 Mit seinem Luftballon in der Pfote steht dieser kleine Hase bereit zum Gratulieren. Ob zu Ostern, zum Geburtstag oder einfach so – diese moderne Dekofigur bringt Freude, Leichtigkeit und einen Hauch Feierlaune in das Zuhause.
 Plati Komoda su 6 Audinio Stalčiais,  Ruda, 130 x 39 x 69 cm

..........

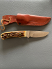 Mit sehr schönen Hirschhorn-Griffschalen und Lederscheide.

..........

▸ **Task to complete**
The lines above, starting at the one with "Mit seinem Luftballon" and ending at the one with "Plati Komoda su", are the only ones to return, exactly as written.

▸ **Output of the exercise**
 Mit seinem Luftballon in der Pfote steht dieser kleine Hase bereit zum Gratulieren. Ob zu Ostern, zum Geburtstag oder einfach so – diese moderne Dekofigur bringt Freude, Leichtigkeit und einen Hauch Feierlaune in das Zuhause.
 Plati Komoda su 6 Audinio Stalčiais,  Ruda, 130 x 39 x 69 cm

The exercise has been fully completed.